**WHAT IS EXPECTED**
A faithful transcription of all the data, images excluded, is the required answer.

+ + + +

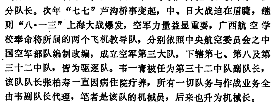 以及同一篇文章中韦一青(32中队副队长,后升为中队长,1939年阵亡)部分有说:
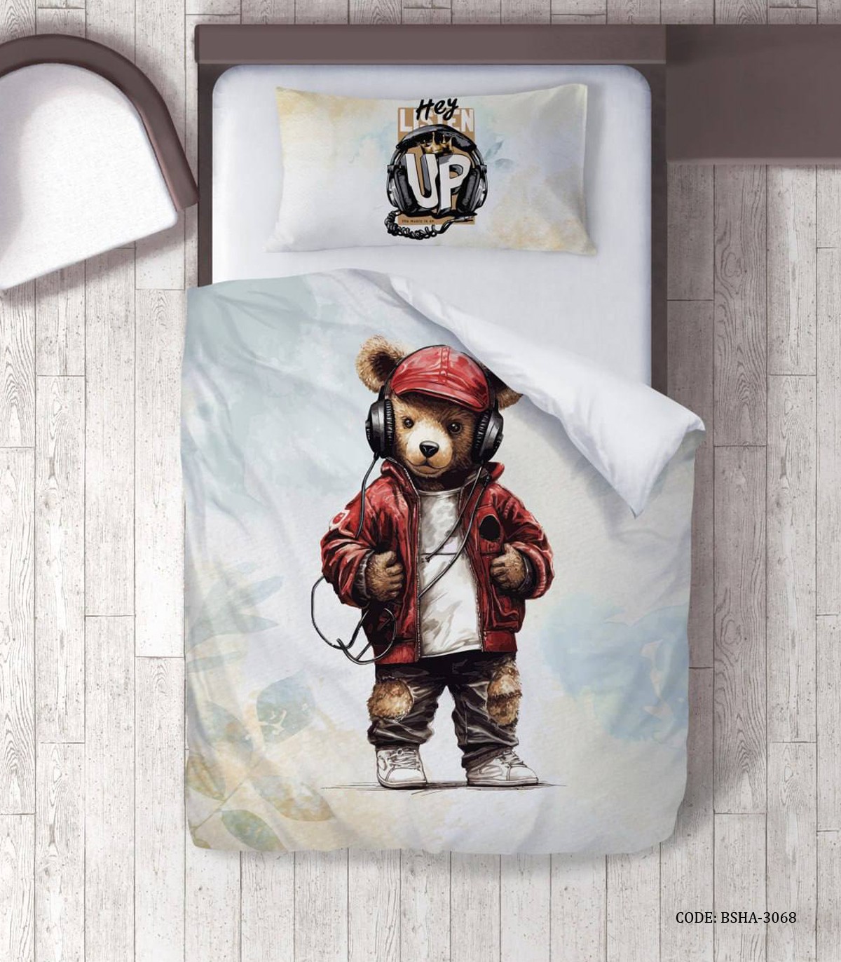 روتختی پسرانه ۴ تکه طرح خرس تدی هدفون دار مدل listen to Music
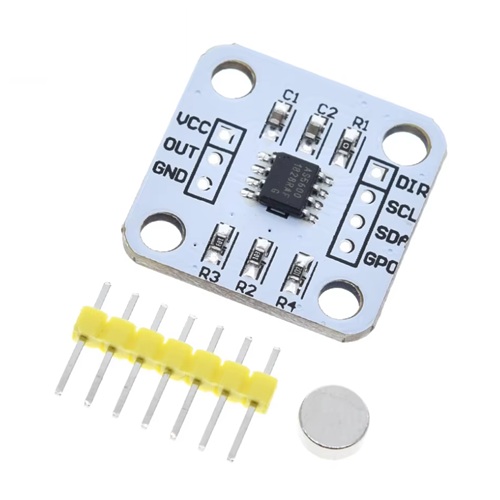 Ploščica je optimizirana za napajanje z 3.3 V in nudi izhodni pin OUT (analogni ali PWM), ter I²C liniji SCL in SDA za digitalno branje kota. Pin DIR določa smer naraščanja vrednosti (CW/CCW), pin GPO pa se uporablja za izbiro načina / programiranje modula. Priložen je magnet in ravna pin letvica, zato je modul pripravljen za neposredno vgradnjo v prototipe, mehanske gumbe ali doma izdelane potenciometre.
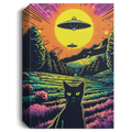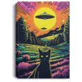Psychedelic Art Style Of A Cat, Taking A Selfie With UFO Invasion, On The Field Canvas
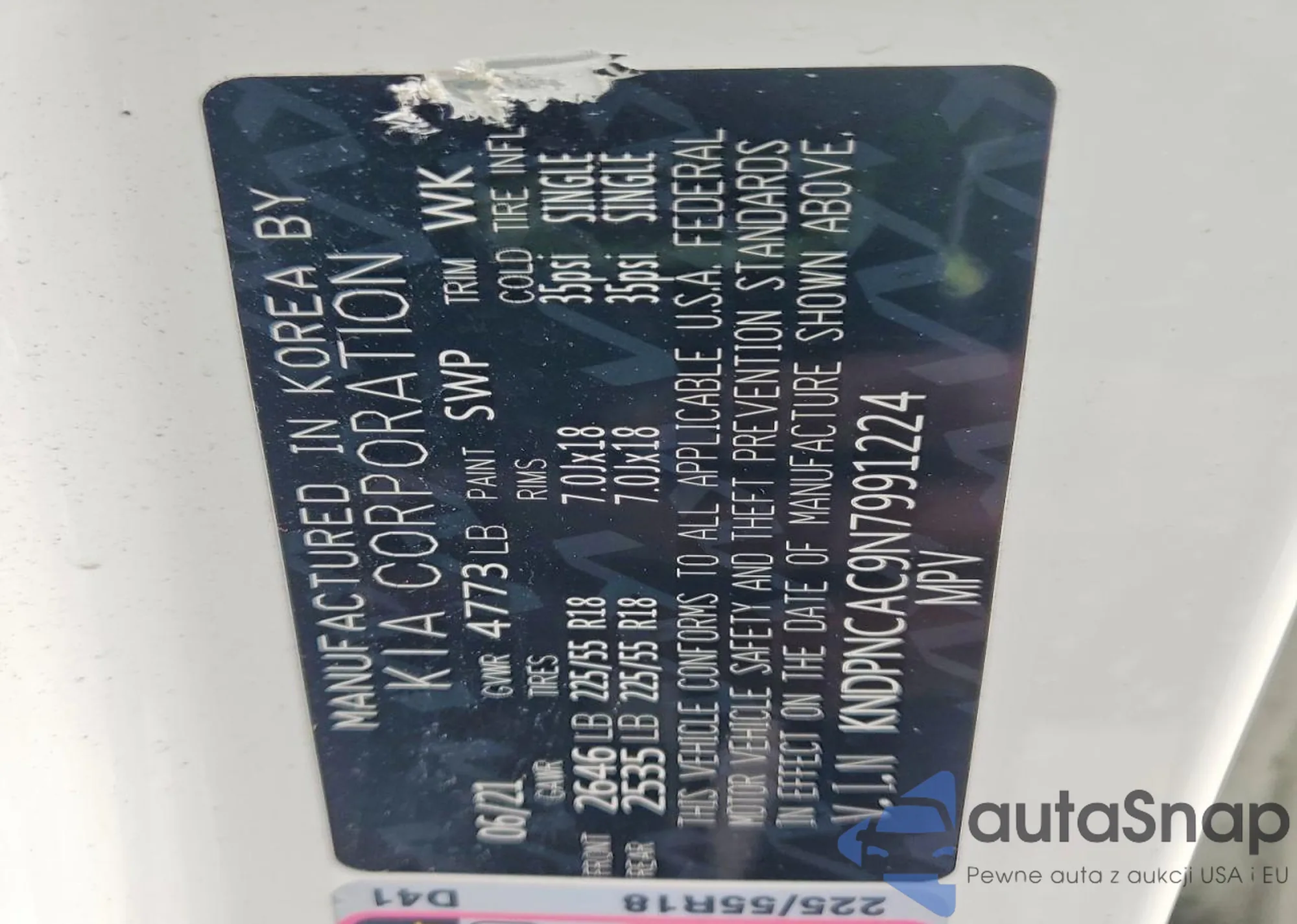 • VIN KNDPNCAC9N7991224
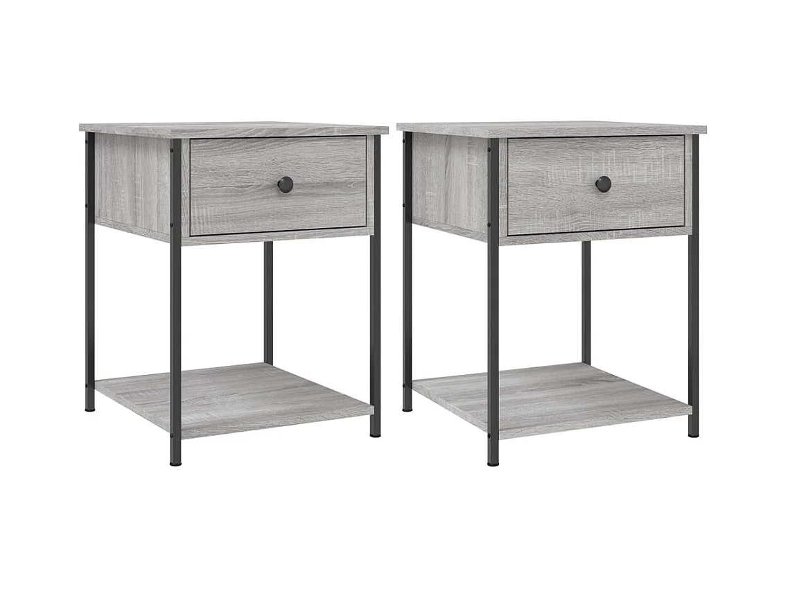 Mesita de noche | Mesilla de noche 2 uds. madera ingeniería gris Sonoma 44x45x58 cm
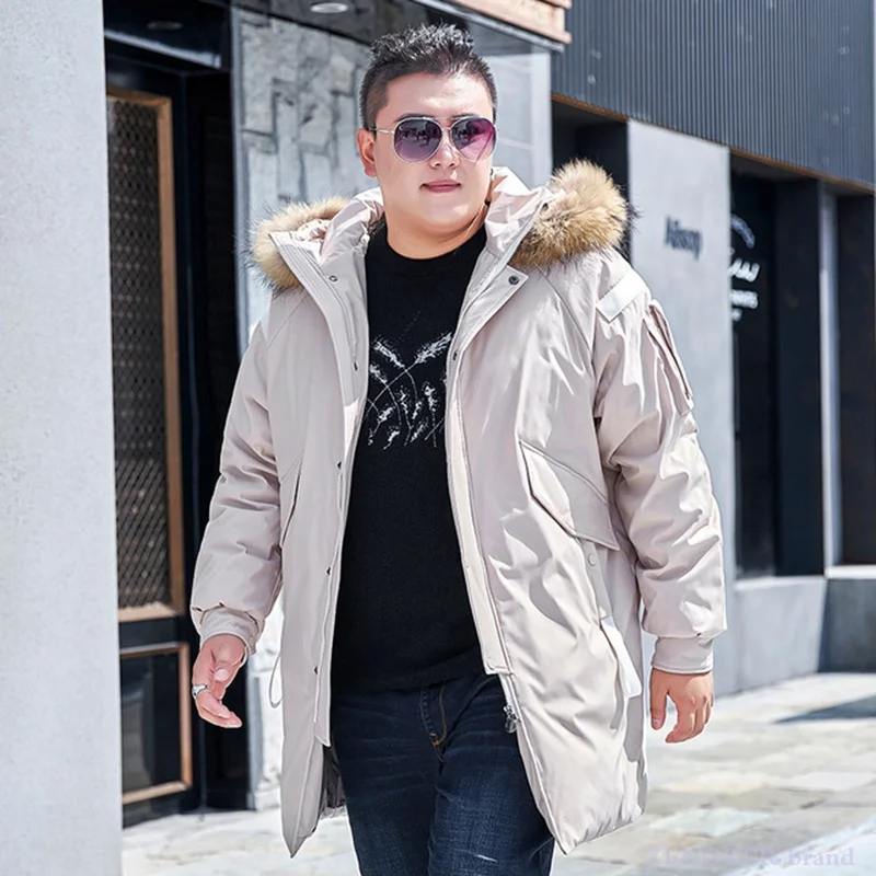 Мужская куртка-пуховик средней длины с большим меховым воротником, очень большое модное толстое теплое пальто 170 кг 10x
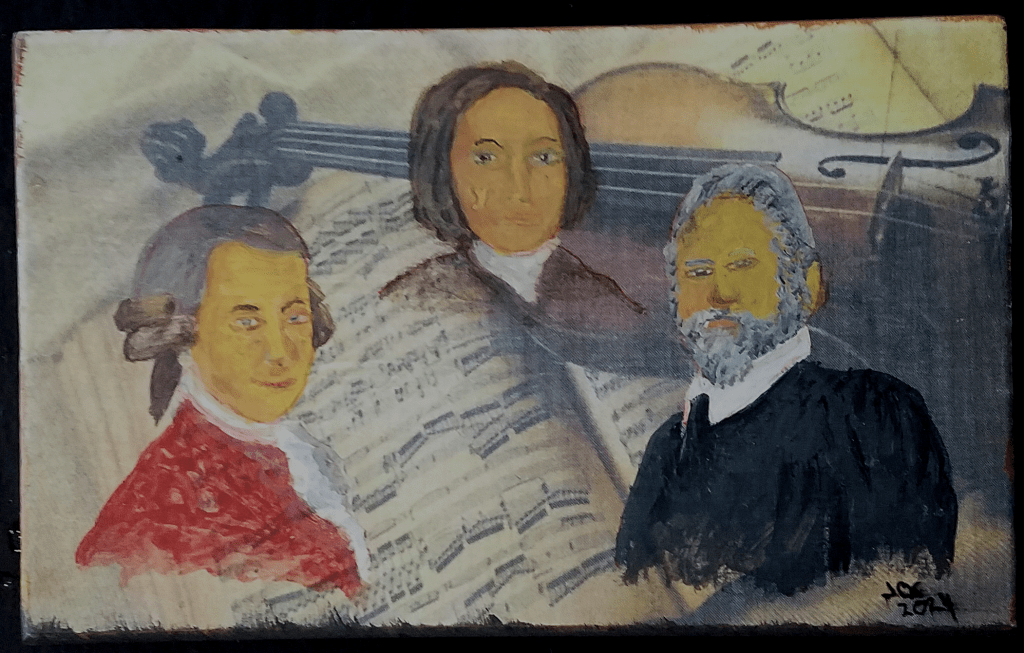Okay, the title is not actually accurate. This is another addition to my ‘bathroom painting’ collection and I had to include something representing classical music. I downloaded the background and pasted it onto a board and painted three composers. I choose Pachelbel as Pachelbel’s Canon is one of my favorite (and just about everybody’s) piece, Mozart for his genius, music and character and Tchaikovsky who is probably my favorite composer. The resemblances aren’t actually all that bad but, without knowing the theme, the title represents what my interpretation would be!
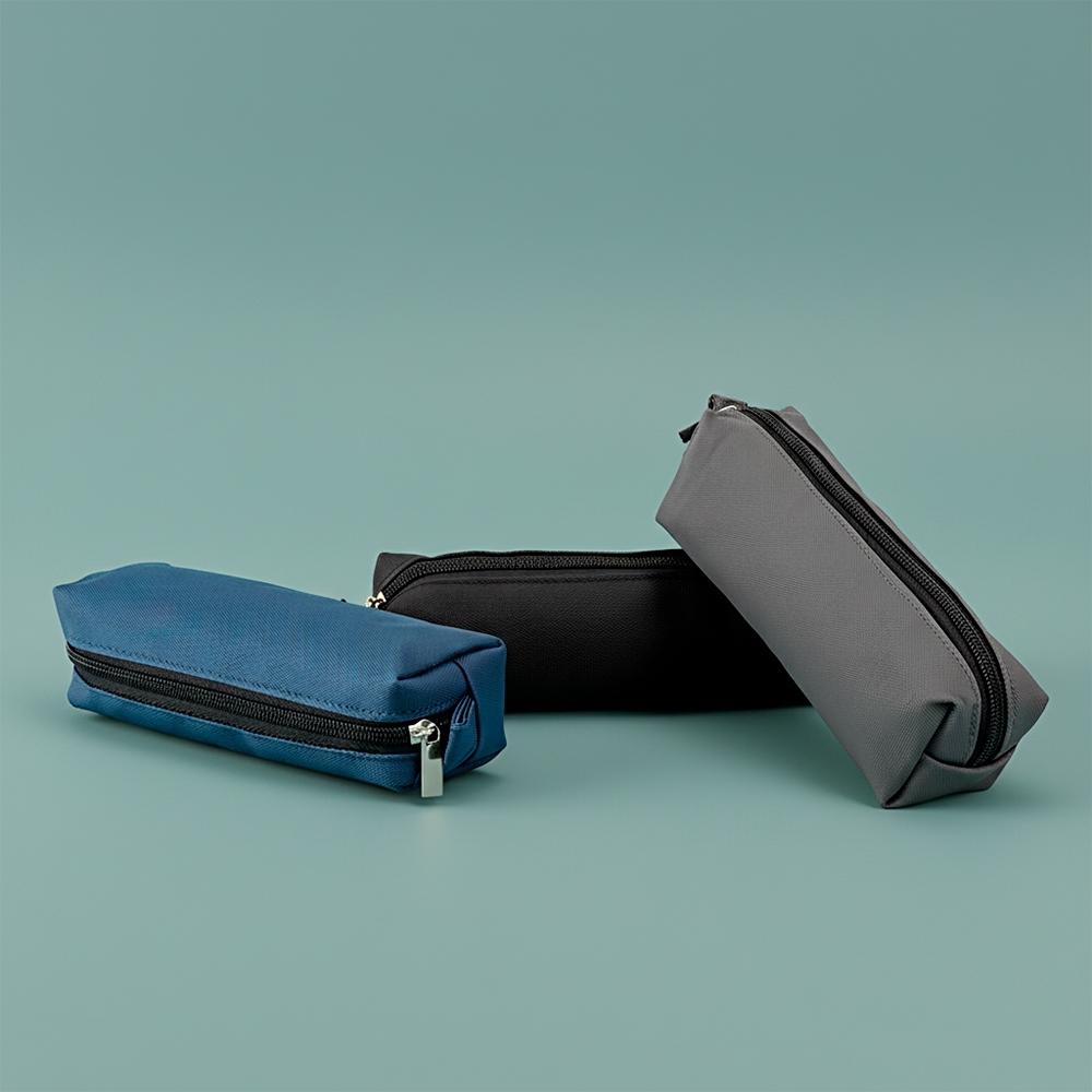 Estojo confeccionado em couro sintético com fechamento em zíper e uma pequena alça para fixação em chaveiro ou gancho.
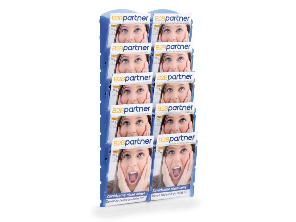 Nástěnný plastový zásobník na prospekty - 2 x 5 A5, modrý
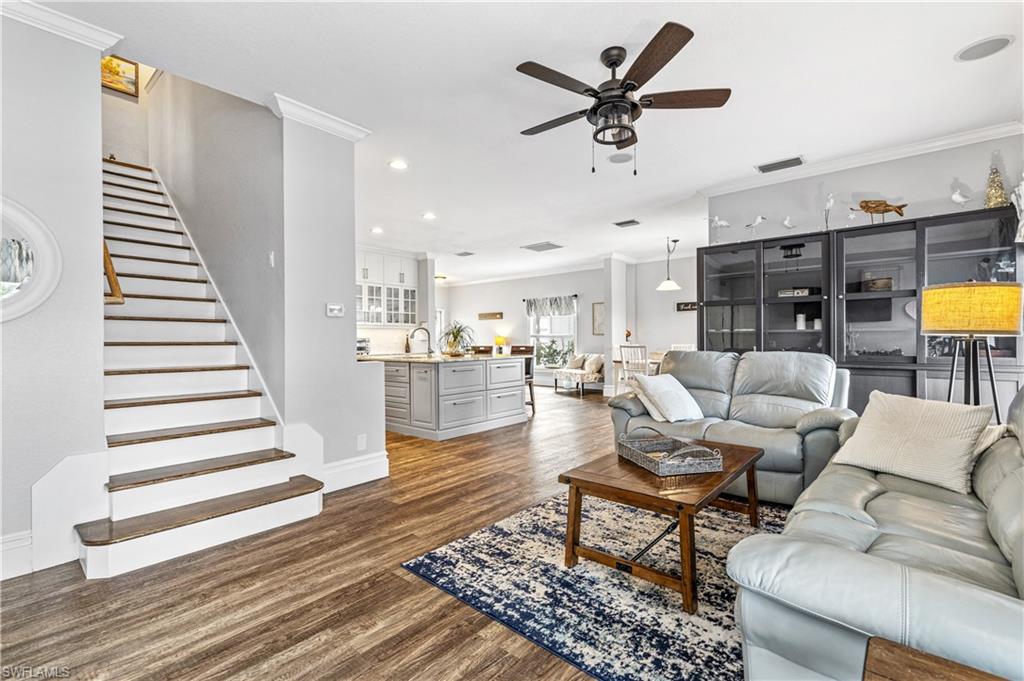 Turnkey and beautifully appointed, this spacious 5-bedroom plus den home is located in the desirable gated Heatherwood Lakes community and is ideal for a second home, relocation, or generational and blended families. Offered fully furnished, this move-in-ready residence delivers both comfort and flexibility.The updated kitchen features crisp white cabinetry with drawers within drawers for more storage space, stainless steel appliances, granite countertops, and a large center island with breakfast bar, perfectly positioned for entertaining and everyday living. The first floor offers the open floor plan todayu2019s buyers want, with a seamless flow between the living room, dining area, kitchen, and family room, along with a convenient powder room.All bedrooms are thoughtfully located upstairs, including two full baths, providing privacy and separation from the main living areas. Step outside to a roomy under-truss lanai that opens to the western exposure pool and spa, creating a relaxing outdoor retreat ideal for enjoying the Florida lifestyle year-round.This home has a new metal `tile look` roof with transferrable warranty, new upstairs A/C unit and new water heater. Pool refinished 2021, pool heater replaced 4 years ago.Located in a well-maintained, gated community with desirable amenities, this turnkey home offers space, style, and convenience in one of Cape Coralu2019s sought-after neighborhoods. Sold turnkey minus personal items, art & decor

+ + + +

**RESULT**
 以及同一篇文章中韦一青(32中队副队长,后升为中队长,1939年阵亡)部分有说:
 روتختی پسرانه ۴ تکه طرح خرس تدی هدفون دار مدل listen to Music
 Ploščica je optimizirana za napajanje z 3.3 V in nudi izhodni pin OUT (analogni ali PWM), ter I²C liniji SCL in SDA za digitalno branje kota. Pin DIR določa smer naraščanja vrednosti (CW/CCW), pin GPO pa se uporablja za izbiro načina / programiranje modula. Priložen je magnet in ravna pin letvica, zato je modul pripravljen za neposredno vgradnjo v prototipe, mehanske gumbe ali doma izdelane potenciometre.
Psychedelic Art Style Of A Cat, Taking A Selfie With UFO Invasion, On The Field Canvas
 • VIN KNDPNCAC9N7991224
 Mesita de noche | Mesilla de noche 2 uds. madera ingeniería gris Sonoma 44x45x58 cm
 Мужская куртка-пуховик средней длины с большим меховым воротником, очень большое модное толстое теплое пальто 170 кг 10x
Okay, the title is not actually accurate. This is another addition to my ‘bathroom painting’ collection and I had to include something representing classical music. I downloaded the background and pasted it onto a board and painted three composers. I choose Pachelbel as Pachelbel’s Canon is one of my favorite (and just about everybody’s) piece, Mozart for his genius, music and character and Tchaikovsky who is probably my favorite composer. The resemblances aren’t actually all that bad but, without knowing the theme, the title represents what my interpretation would be!
 Estojo confeccionado em couro sintético com fechamento em zíper e uma pequena alça para fixação em chaveiro ou gancho.
 Nástěnný plastový zásobník na prospekty - 2 x 5 A5, modrý
 Turnkey and beautifully appointed, this spacious 5-bedroom plus den home is located in the desirable gated Heatherwood Lakes community and is ideal for a second home, relocation, or generational and blended families. Offered fully furnished, this move-in-ready residence delivers both comfort and flexibility.The updated kitchen features crisp white cabinetry with drawers within drawers for more storage space, stainless steel appliances, granite countertops, and a large center island with breakfast bar, perfectly positioned for entertaining and everyday living. The first floor offers the open floor plan todayu2019s buyers want, with a seamless flow between the living room, dining area, kitchen, and family room, along with a convenient powder room.All bedrooms are thoughtfully located upstairs, including two full baths, providing privacy and separation from the main living areas. Step outside to a roomy under-truss lanai that opens to the western exposure pool and spa, creating a relaxing outdoor retreat ideal for enjoying the Florida lifestyle year-round.This home has a new metal `tile look` roof with transferrable warranty, new upstairs A/C unit and new water heater. Pool refinished 2021, pool heater replaced 4 years ago.Located in a well-maintained, gated community with desirable amenities, this turnkey home offers space, style, and convenience in one of Cape Coralu2019s sought-after neighborhoods. Sold turnkey minus personal items, art & decor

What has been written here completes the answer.